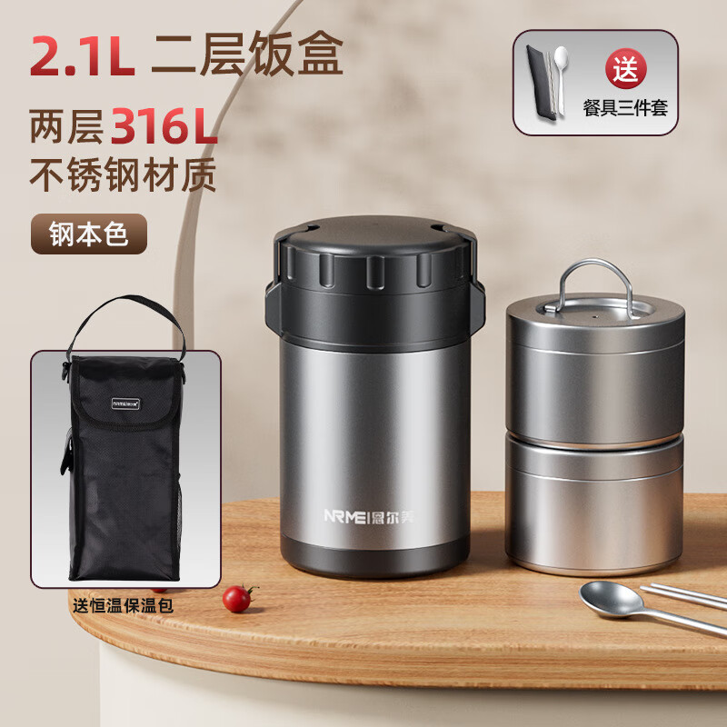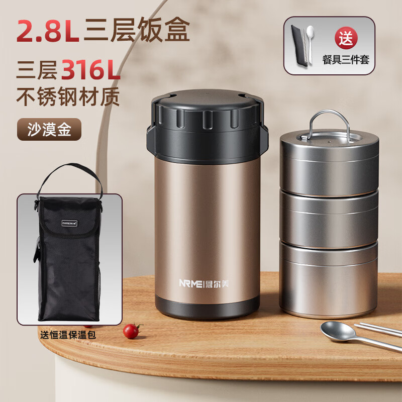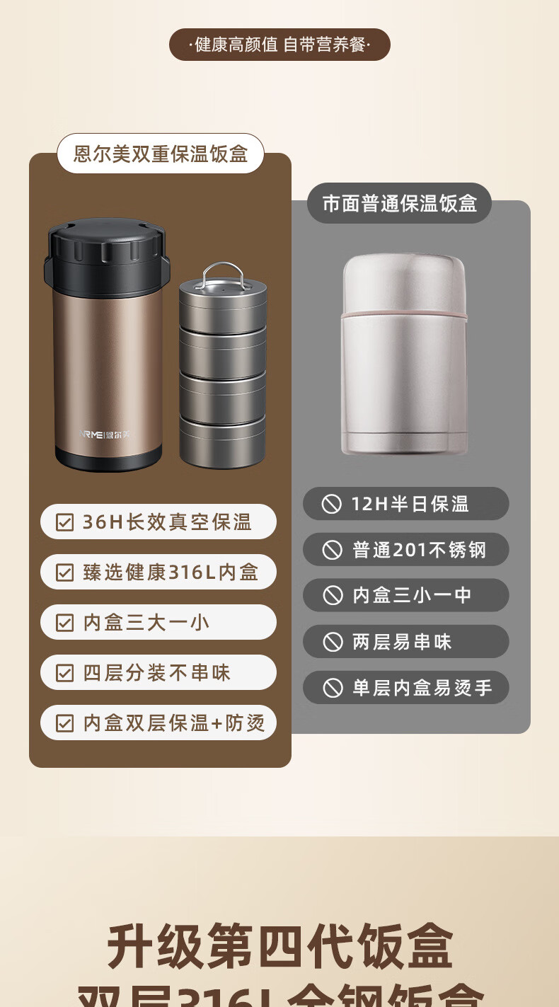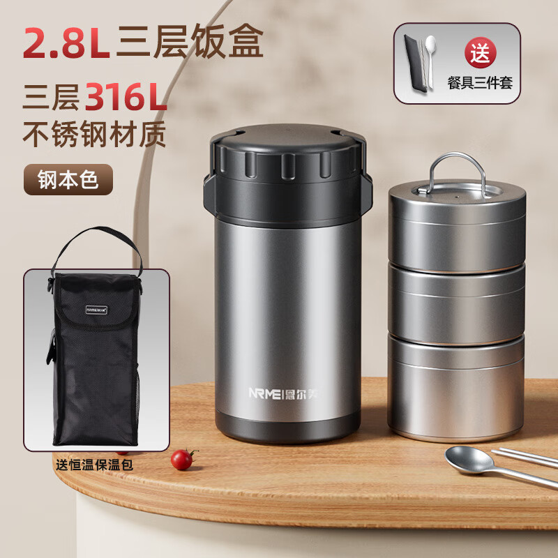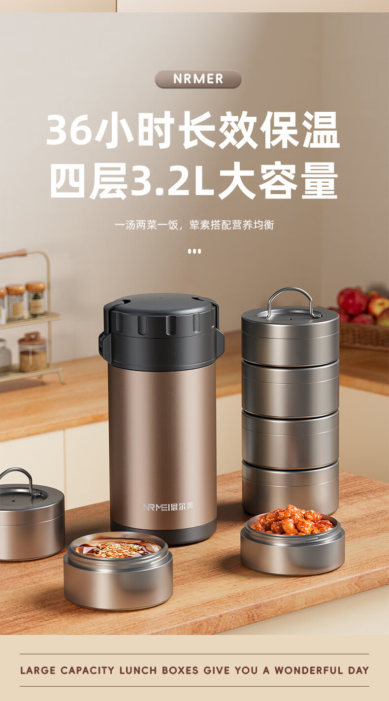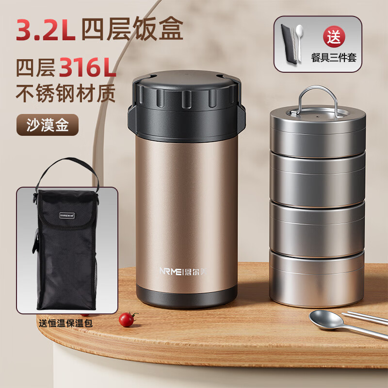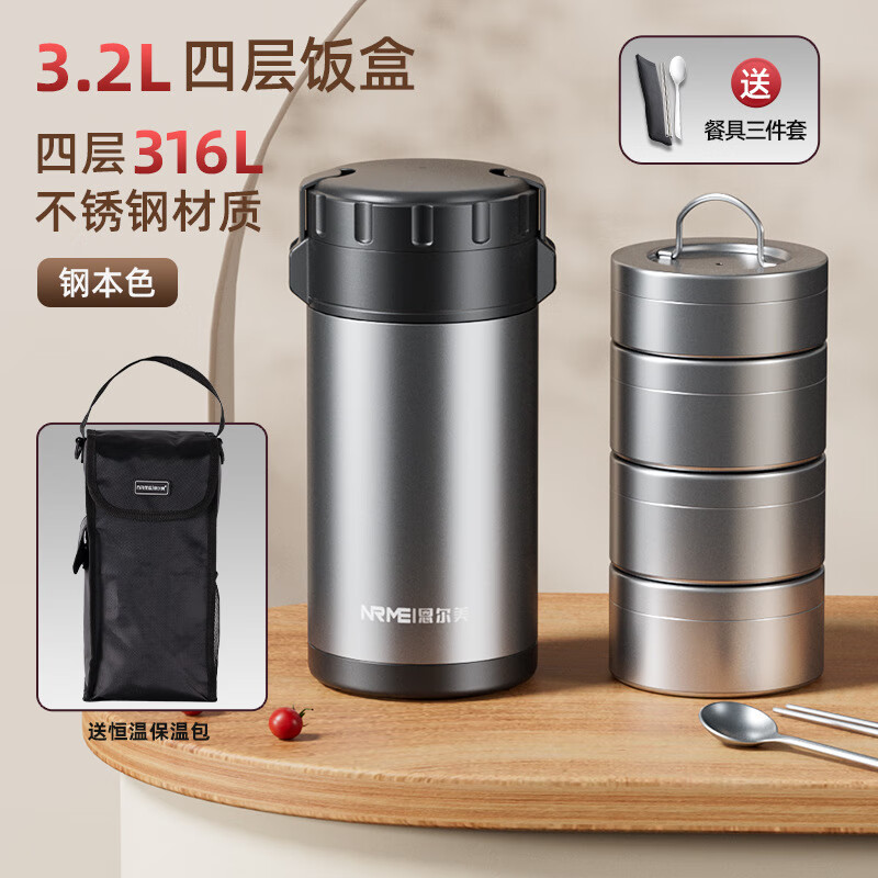 NRMEi 24H long-lasting thermal insulation lunch box bucket 316 stainless steel large capacity multi-layer portable pot for students and office workers 3200ml 1 bucket 4 boxes + 316L material + free tableware, dark red
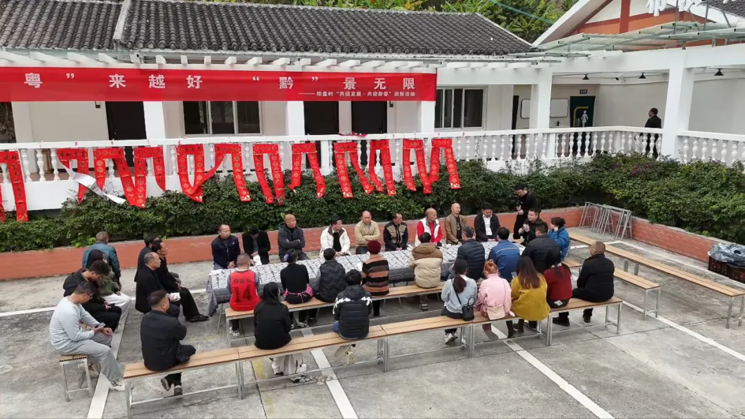 近日,黔西南州安龙县万峰湖镇坝盘村以“‘粤’来越好、‘黔’景无限”为主题举办迎新系列活动,通过会商、观演、长桌宴等丰富多样的形式,村民们在欢声笑语中共谋发展、喜迎新春。
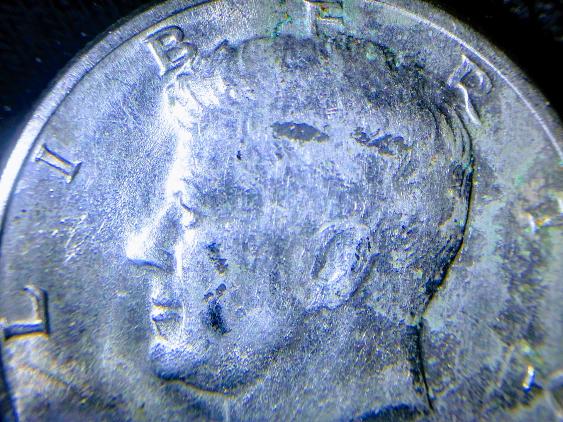 Either a weak strike, with a deteriorated die, also it has been heavily cleaned. Or, I know that there are fake Kennedy's out there. It's hard to tell from the photos.
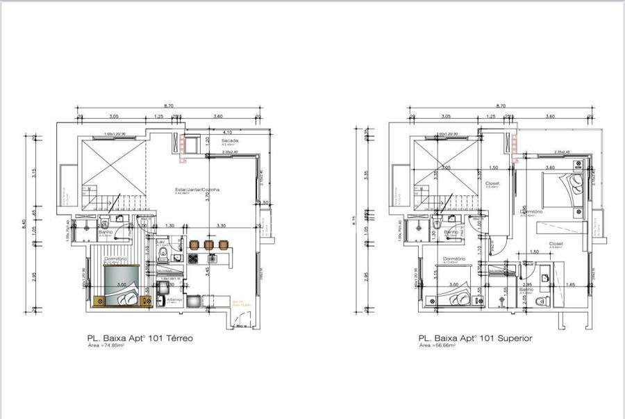 * Apartamentos de 1 e 2 dormitórios;
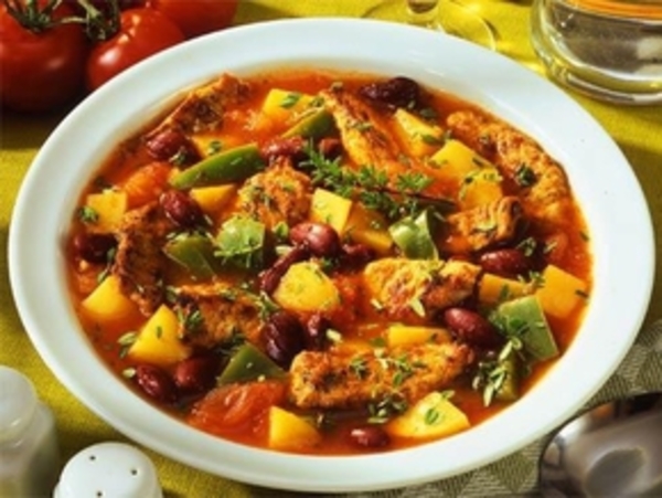 Потушить нарезанное ломтиками мясо в горячем масле, залить кипятком и добавить пряности. Затем варить мясо почти до готовности. Добавить нарезанные помидоры и картофель и варить еще 10 минут, а затем положить отваренные горошек и фасоль (можно стручковую).

━━━

● **Task to carry out**
Omit all pictures, and repeat exactly the lines from the line containing "Either a weak" through the end of the data.

● **Response to this exercise**
 Either a weak strike, with a deteriorated die, also it has been heavily cleaned. Or, I know that there are fake Kennedy's out there. It's hard to tell from the photos.
 * Apartamentos de 1 e 2 dormitórios;
 Потушить нарезанное ломтиками мясо в горячем масле, залить кипятком и добавить пряности. Затем варить мясо почти до готовности. Добавить нарезанные помидоры и картофель и варить еще 10 минут, а затем положить отваренные горошек и фасоль (можно стручковую).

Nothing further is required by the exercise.